- Date: 1995
- Series: The Contract with God Trilogy

Creative team
- Creator: Will Eisner

Chronology
- Preceded by: A Life Force (1988)

= Dropsie Avenue =

1985 graphic novel by Will Eisner

Dropsie Avenue is a 1995 graphic novel by American cartoonist Will Eisner. After A Contract with God (1978) and A Life Force (1988), it is the third volume in the Contract with God trilogy.

==Plot==
There is an overarching plot but no clear single arc except that of the life-cycle of a neighbourhood, its deterioration and renewal. In the form of chronicles, most tales only last few pages, however there are multiple core characters whose stories are spread throughout. The chronicles tell about life, problems, and solutions about inter-ethnic and other socioeconomic relations of residents of Dropsie Avenue in New York City. One common plot revolves around 'old' residents bemoaning the arrival of 'newer' residents and frictions caused by it.

==Publication==
Kitchen Sink Press published the book in 1995 as the third volume of the Contract with God trilogy.

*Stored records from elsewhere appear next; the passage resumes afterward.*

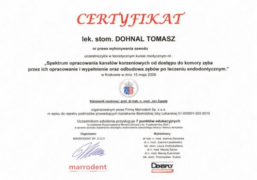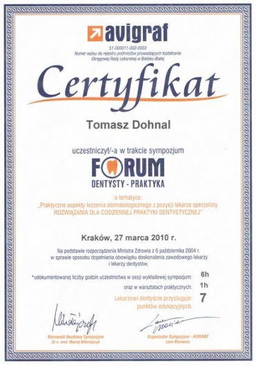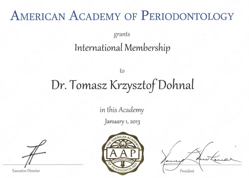 Dr Dohnal należy do prestiżowego American Academy of Periodontology.
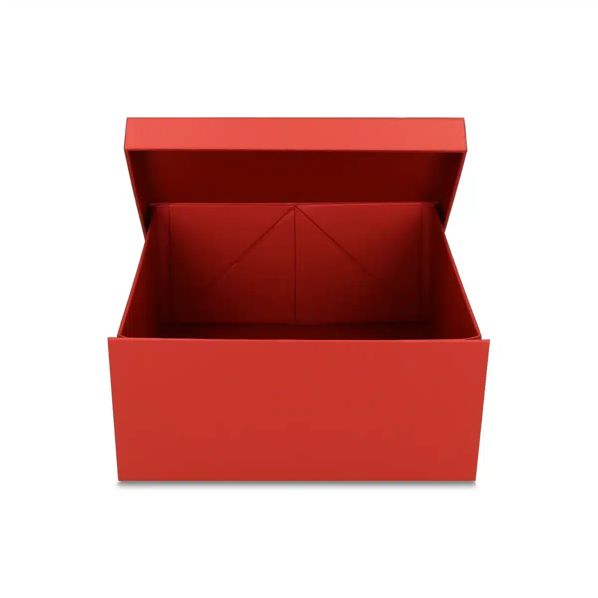 Pudełko Easy Box Plus składa się z dwóch części: składanej podstawy i gotowego wieczka. Elementy samoprzylepne marki 3M, wbudowane w konstrukcję, zapewniają szybki montaż i trwałość, a minimalistyczne wieczko w głębokiej czerwieni nadaje opakowaniu nowoczesnego i luksusowego charakteru.
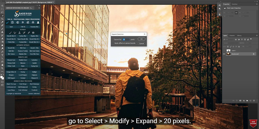 Next step, we will remove the subject in background layer, now just move to background layer, go to Select > Modify > Expand > 20 pixels. Press SHIFT+F5, choose content-aware in contents box and OK.
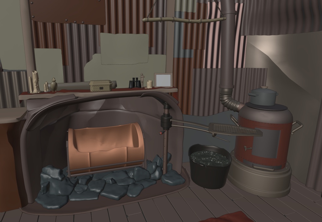 壁爐由彎曲的金屬板釘在一起,地板上放著一個切割好的桶,裡面放著一些草皮或木材作為燃料。旁邊是烤食物的烹飪工具和爐子。壁爐架上擺放著一些個人紀念品和更多細節的物品。
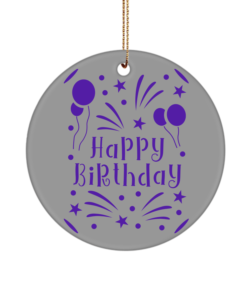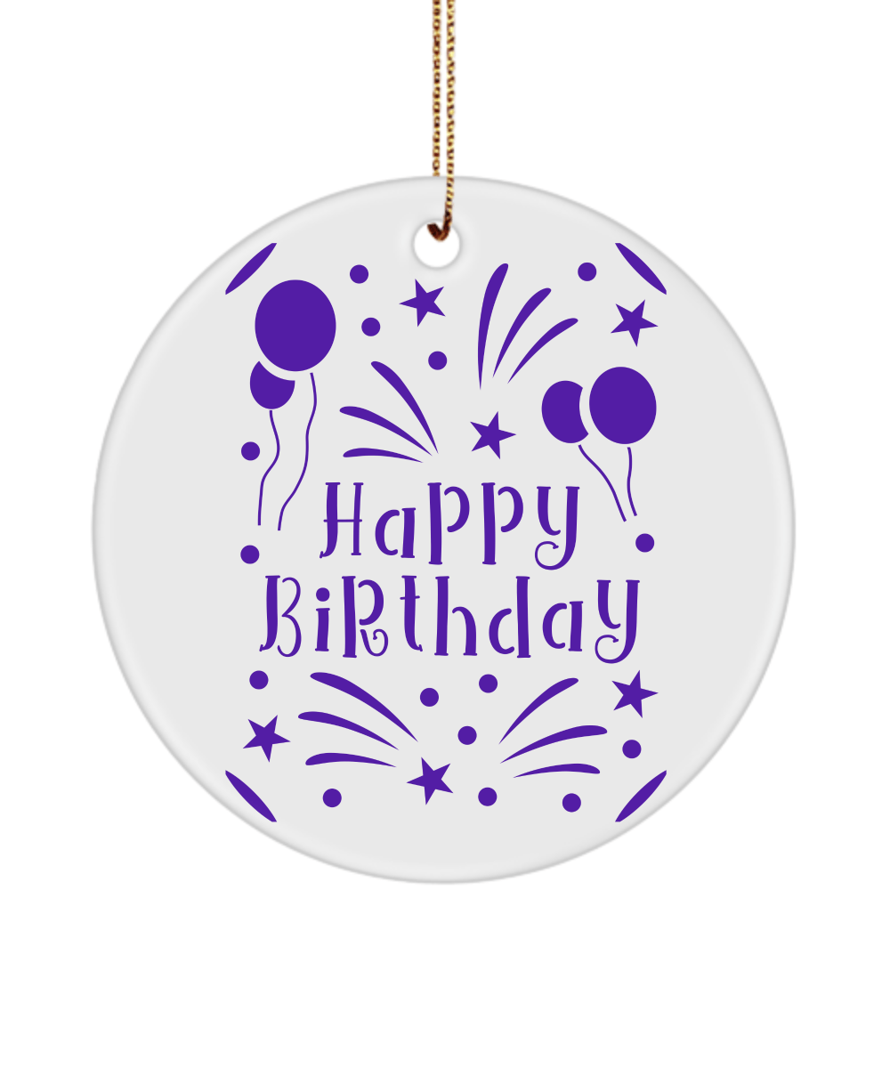 Happy Birthday Ornament – Happy Birthday Balloon Fireworks Purple – Birthday Gift Ideas For Men Women White
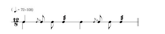 시조 장단은 5박 장단과 8박 장단이 교대로 쓰인다. 한 박을 4분음표로 나타내면 5/4박과 8/4박이 된다.3. 민속악 장단
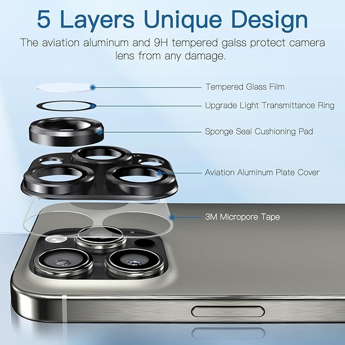 - [حماية فائقة ومتانة عالية:] يقدم واقي عدسة الكاميرا حماية عسكرية ضد الصدمات والخدوش، مما يحافظ على العدسة في أفضل حال ويمنع أي تلف أو خدش قد يؤثر على جودة الصور والفيديو، ليضمن لك تجربة تصوير واضحة ونقية طوال الوقت.
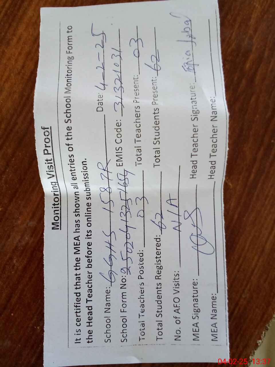| Attendance Register | Head Teacher | MEA with School | Visit Proof |
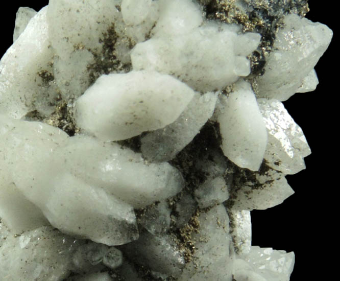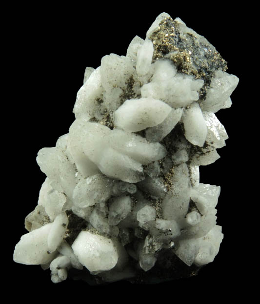 | Description: | Lustrous translucent white doubly terminated quartz crystals to 6 mm with translucent white rhombohedral calcite crystals to 3 mm and yellow-metallic pyrite microcrystals covering all surfaces front and rear od matrix. Collected ca. 1994 |
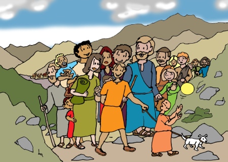 Over de heuvels van Galilea komt er een hele groep mensen aanlopen.
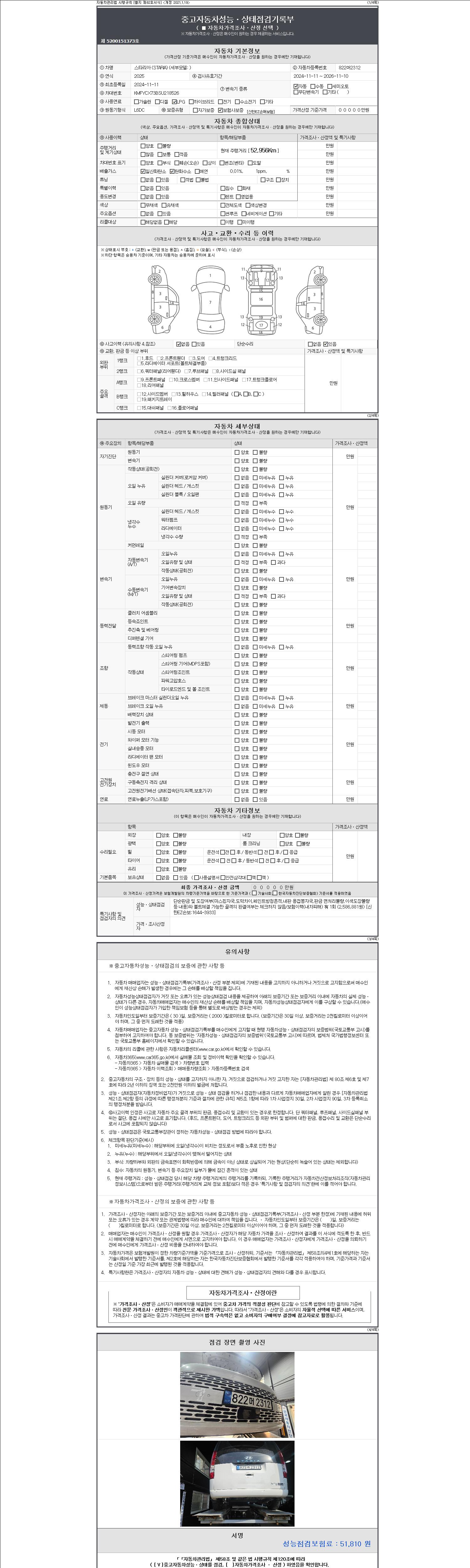 자동차관리법 시행규칙 제120조의 규정에 따라 별지 제 82호서식 《중고자동차 성능, 상태점검 기록부》를 발행한 성능, 상태점검자 및 매매자는 아래의 보증기간 또는 보증거리 이내의 중고자동차, 성능점검 기록부에 기재된 내용과 자동차의 실제 성능, 상태가 다른 경우 계약 또는 관계법령에 따라 매수인에 대하여 책임을 집니다.

DC Comics bought the rights to reprint the book and Eisner's other works in 1999 and reprinted Dropsie Avenue as part of its Will Eisner Library in 2000. W. W. Norton then acquired Eisner's catalogue and released A Contract with God, A Life Force, and Dropsie Avenue in a single-volume edition in 2006, and in 2007 released the three books in standalone editions.